The results were not identical when I changed the learning rate to any other value. So I’ve mostly convinced myself that this approach is correct, and it makes intuitive sense to me. But I do think the question implied this could be solved by changing only the learning rate, so I still wonder if I’m missing something there.

1 reply
Oct '20 ▶ dliden

Alvin

Hi @dliden, I think the nature of loss function is not changed whatever you set the reduction to ‘sum’ or ‘mean’. And I think the difference between ‘sum’ and ‘mean’ is loss_mean = loss_sum/1000. Such that when the reduction is set to ‘sum’, the loss is sensitive for a little change of weights. In other words, even if you update the weights a little, the loss will change greatly. What’s worse, you could skip the minimum and the training will never converge. Therefore, you should change the learning rate smaller. Try to set the lr=0.001 and num_epochs=10, you will something different.

Nov '20 ▶ Gkkkkkkkkk

lanternrouge

Did you set a seed to ensure reproducibility? Before generating random numbers, you should set a seed for NumPy and PyTorch, like this:

np.random.seed(868990)
torch.manual_seed(868990)

Choose a number you like – I chose the years Greg LeMond won the Tour de France.
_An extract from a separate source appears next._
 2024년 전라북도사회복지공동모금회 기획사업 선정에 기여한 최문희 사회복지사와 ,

Then you should see the same results. Note: the magnitudes for the loss will be different because of mean vs. sum.

Mar '21 ▶ goldpiggy

mojtaba

It is already correct, and to get the correct result you should divide the loss value to the length of the features.

Jun '21 ▶ goldpiggy

ness001

Hi Goldpiggy,

For question 1

how can we change the learning rate for the code to behave identically. Why?

I’m very confused why the learning rate is affected when we set reduction = sum. I have read through the thread and seems they were not talking about the learning rate. I made some experiments and found the training loss was increased tremendously when we set it as sum. Could you explain that to me. Thanks :slight_smile:

Jul '21

gphilip

As we have specified the input and output dimensions when constructing nn.Linear .
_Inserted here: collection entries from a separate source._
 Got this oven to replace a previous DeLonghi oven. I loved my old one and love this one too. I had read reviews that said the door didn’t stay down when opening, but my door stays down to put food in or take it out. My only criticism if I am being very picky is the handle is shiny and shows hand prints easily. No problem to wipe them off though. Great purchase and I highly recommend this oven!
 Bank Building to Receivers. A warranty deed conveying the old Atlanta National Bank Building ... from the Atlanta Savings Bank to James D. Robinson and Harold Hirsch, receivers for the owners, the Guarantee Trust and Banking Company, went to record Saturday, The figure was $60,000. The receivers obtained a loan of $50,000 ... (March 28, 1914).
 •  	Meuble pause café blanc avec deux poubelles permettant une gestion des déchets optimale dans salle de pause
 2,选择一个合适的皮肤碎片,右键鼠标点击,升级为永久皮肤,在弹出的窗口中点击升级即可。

Incomplete sentence. As we have done this, so what? Perhaps remove the first word?

Sep '22

GpuTooExpensive

Here are my opinions for exs:
If you got any better idea please tell me ,thanks a lot.
Note that I still can’t work out ex.3, and not so sure about ex.5.

ex.1
To get the aggregate loss, I multiply the number of minibatch(X.shape[0]):

@d2l.add_to_class(LinearRegression)  #@save
def forward(self, X):
    """The linear regression model."""
    #return self.net(X)
    return self.net(X)*X.shape[0]

When using the old lr=0.03, the ouput is:
7
That means the lr is too large, so I divide the lr by the number of minibatch, and the ouput becomes normal.
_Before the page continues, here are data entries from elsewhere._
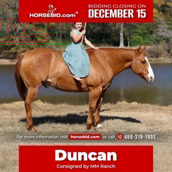 🎄𝐓𝐇𝐄 𝑯𝒐𝒍𝒊𝒅𝒂𝒚 𝐂𝐋𝐀𝐒𝐒𝐈𝐂🎄 Happening now thru MONDAY | DECEMBER 15th - Available EXCLUSIVELY on HorseBid's website! For more details and to register visit: www.Horsebid.com CONSIGNOR CONTACT: MM Ranch 469-318-1902 LOCATION: Forney, TX BREED: Quarter Horse REGISTERED: No REGISTERED NAME: Duncan COLOR: Red Dun HEIGHT: 14.3 AGE: 13 GENDER: Gelding Duncan is an 13 year old stunning red Dunn ranch gelding that is safe for the whole family. No matter your age or horse experience you can ride and enjoy this amazing horse. He is a big stout made sturdy gelding that is 14.3 hands and weighs 1250 lbs. He has absolutely unmatched eye appeal that will get you noticed anywhere you go! Plenty of size, bone and foot to handle any rider and terrain! Duncan was raised on a big ranch in Montana and used daily. We bought him from an older gentleman that raised and trained him. He is a finished tried and true all around ranch horse. He’s spent his life doing a real job— roping and doctoring yearlings outside, branding calves, checking fence, and working in the feedlot. Duncan has the been there-done that mentality that makes every ride so enjoyable and stress-free. Whether you’re looking for a trustworthy partner for long days on the ranch or a gentle, seasoned horse the whole family can enjoy, this is him!! He has all the fancy buttons. Riding him is like driving a Porsche. He will pick up and go when asked but prefers a pleasant speed of a walk or his silky smooth slow jog. You can lope him off from a stand still with correct lead departure. He has slow correct spins. If you want you can turn him on like a reining horse. Soft side passes so can open and close gates on him and/or check your mail. He has controlled speed variations, will not get hyper or high strung. Duncan crosses logs, water, ditches, mud bogs, and steep banks with ease and confidence. Does not have a spooky, flighty nature, absolute no buck or bad habits, and the best part he has the most affectionate, willing-to-please attitude you will ever come across. We have never been around a horse who is so excited to see you every single day! He will always greet you at the gate and come up out of the pasture straight to his stall. We hope he finds a good loving home so someone else gets the opportunity to ride and enjoy such an amazing horse! Duncan is sound with no health issues or maintenance. He is an easy keeper. Up to date on shots, worming, feed, teeth, coggins. He is ready to go. We can and will help arrange affordable shipping if needed.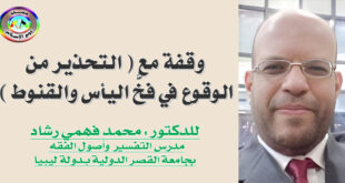بقلم الدكتور : محمد فهمي رشاد مدرس التفسير وأصول الفقه بجامعة القصر الدولية بدولة ليبيا قال ابن الجوزي – رحمه الله -: ” اليأسُ: القَطعُ على أن المطلوبَ لا يتحصل لتحقيق فواته. ” وقال الشوكاني – رحمه الله -: ” القنوطُ: الإياسُ من الرحمة. “ فاليأس: هو انقطاع الأمل بشكل …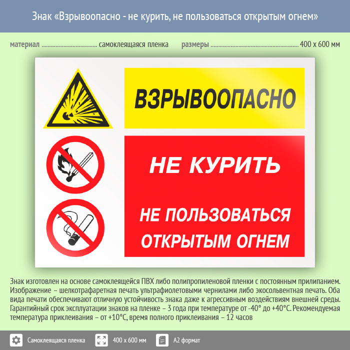 Знак «Взрывоопасно - не курить, не пользоваться открытым огнем», КЗ-05 (пленка, 600х400 мм) в Яхроме купить

#model = LinearRegression(lr=0.03)
model = LinearRegression(lr=0.03/1000.)
data = d2l.SyntheticRegressionData(w=torch.tensor([2, -3.4]), b=4.2)
trainer = d2l.Trainer(max_epochs=3)
trainer.fit(model, data)

8

But after read @hy38’s reply I think It’s better to set the paramter reduction=‘sum’ to do that. :sweat_smile:

ex.2

?nn.MSELoss
??nn.modules.loss

By search the nn.MSELoss, I find it’s definition path is “…/torch/nn/modules/loss.py”, so I scan this path, and search with keyword ‘Huber’ and find ‘class HuberLoss(_Loss)’, then I test with this code, seems like the Huber’s robust loss regress slower(10 epochs rather than 3 epochs) than the MSELoss and the two errors is close.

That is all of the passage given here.